Nice wording began to shoot himself
, isn’t it? I would say in another way: all of a sudden, he showed his intention to shoot himself
or something of the kind. Tolstoy’s Russian was so funny here and there.
Talking of Leo Tolstoy. Believe it or not, but I never read the novel War and Peace. I studied it, of course, reading it in excerpts, and the process of studying was so boring that it evoked in me a feeling of a steady aversion to the novel, which I still can’t overcome. I don’t read Tolstoy’s books, but Tolstoy’s idea of senselessness and absurdity of any war is great, and his words about the nature of a war as a most unnatural event in life of mankind makes him a great man.
Kiss Yourself!
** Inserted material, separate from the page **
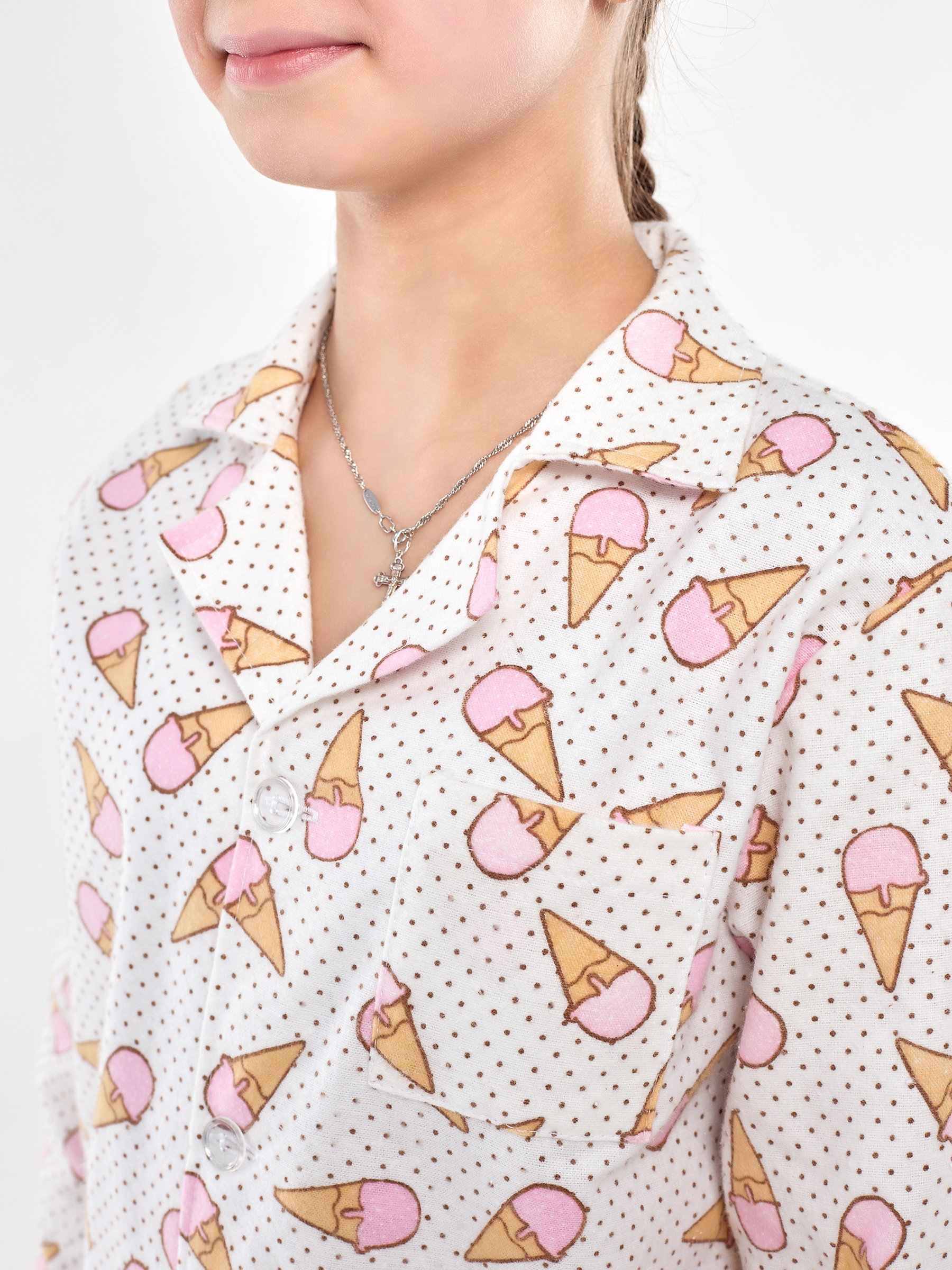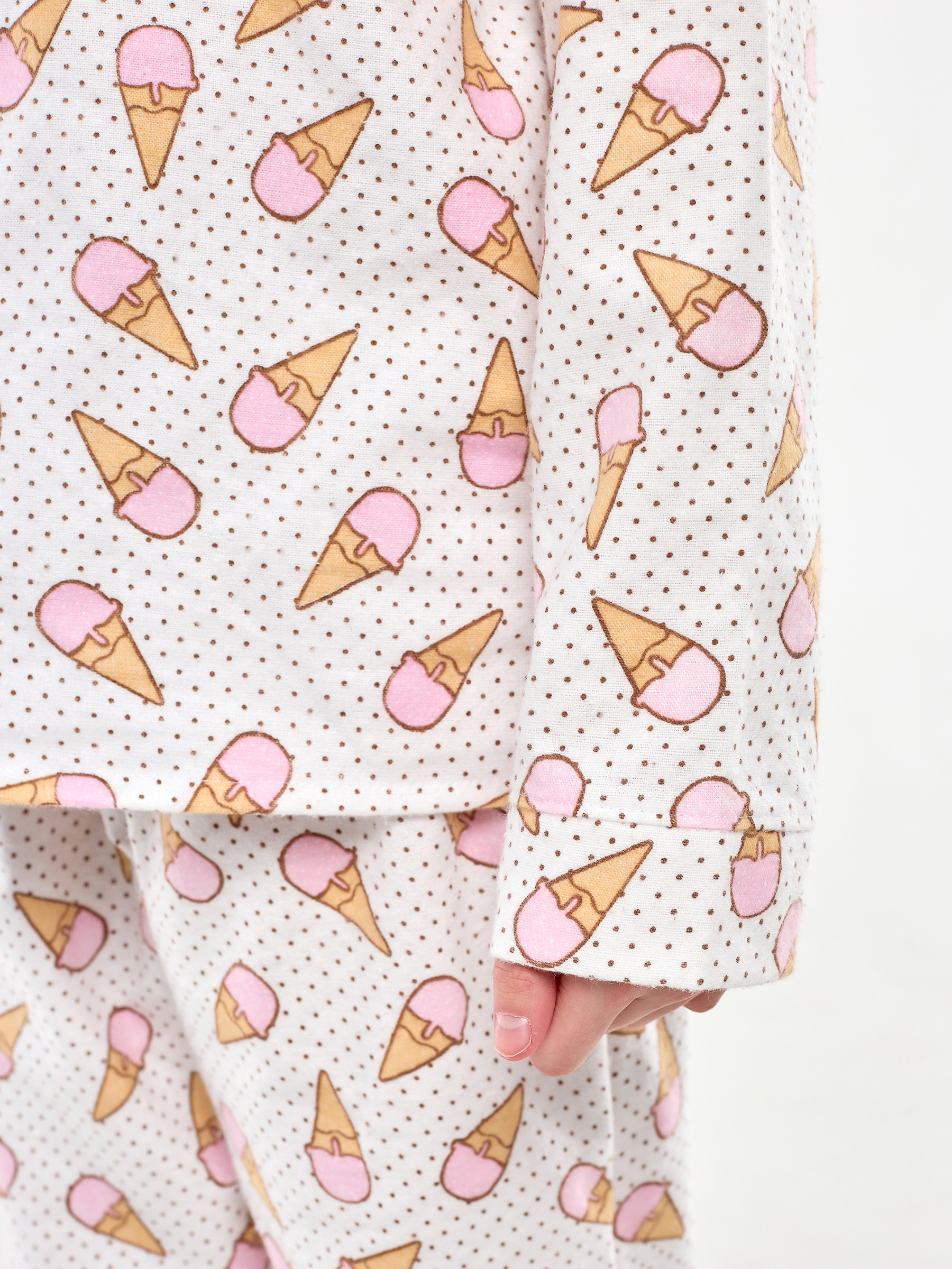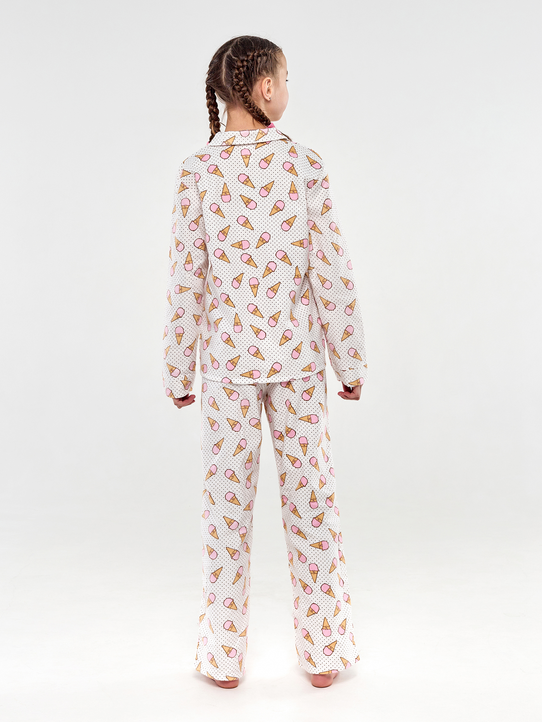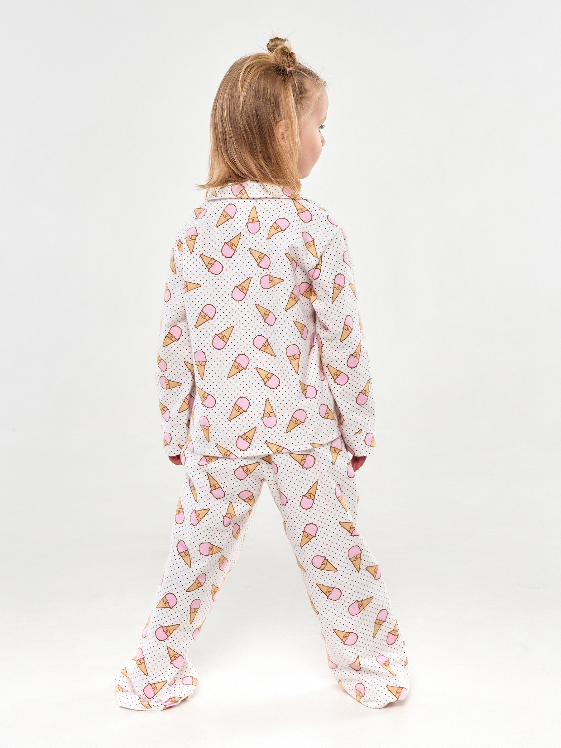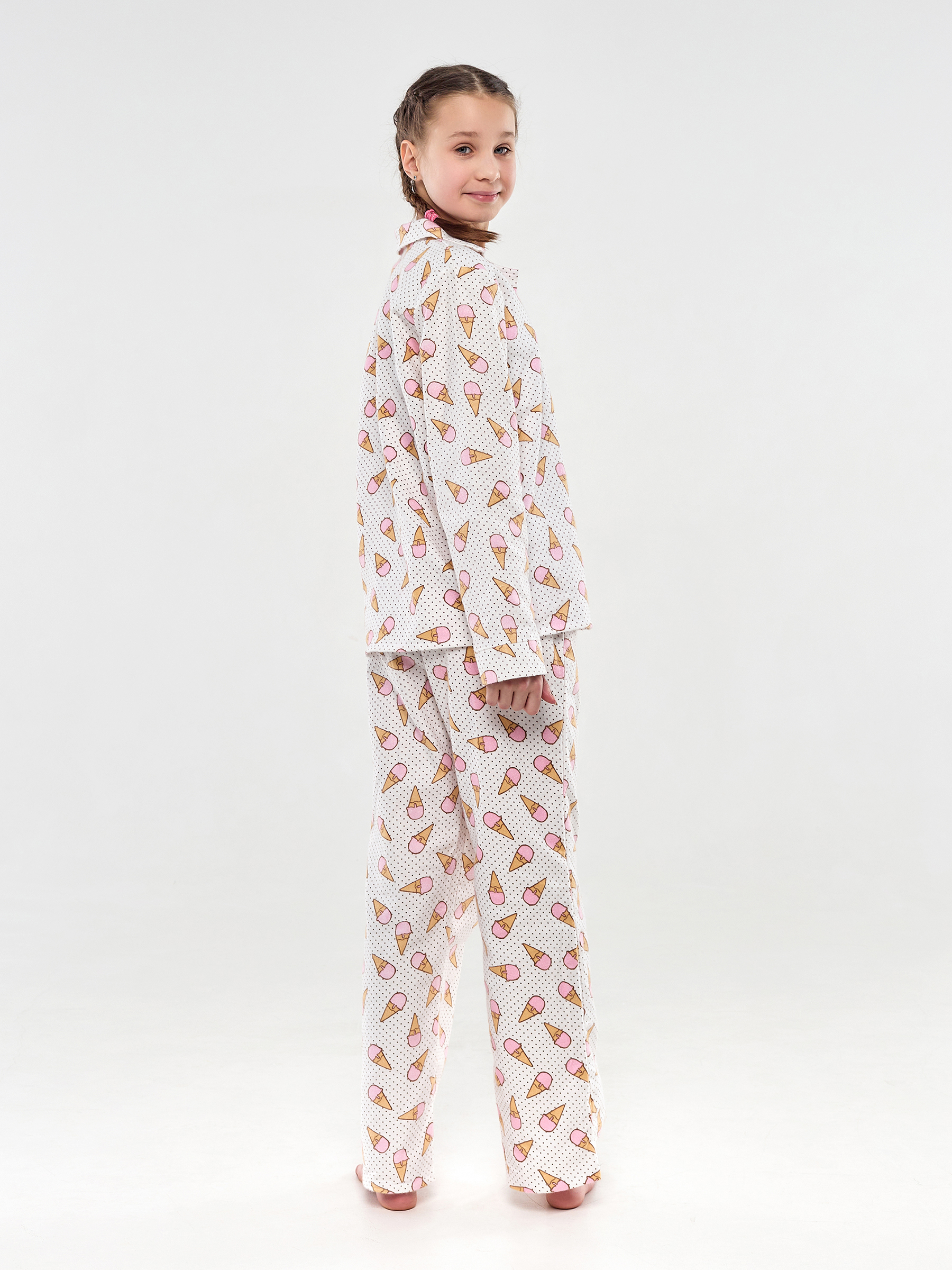 Пижама детская свободного кроя не будет стеснять движения во время активных, а также спокойных игр дома, состоит из длинных свободных штанов на резинке и рубашки с длинным рукавом на пуговицах.

Kiss!
I.
Your image is triune and always on my mind.
The image from Evelyn Waugh’s book, Nickolas Grace’s performance in the TV series, and the image, which I’ve hymned in my writings. Harold Acton, the prototype of Evelyn Waugh’s personage was born in 1904, the personage came into the world in 1945, the English movie was made in 1981, and the first vision of yours I saw in 2003. Anthony. Your image is not my second self, though yes, I’d say that it is my second self, if it were not too bold of me. One day, I was enthralled, and now there is no need of disenthralling.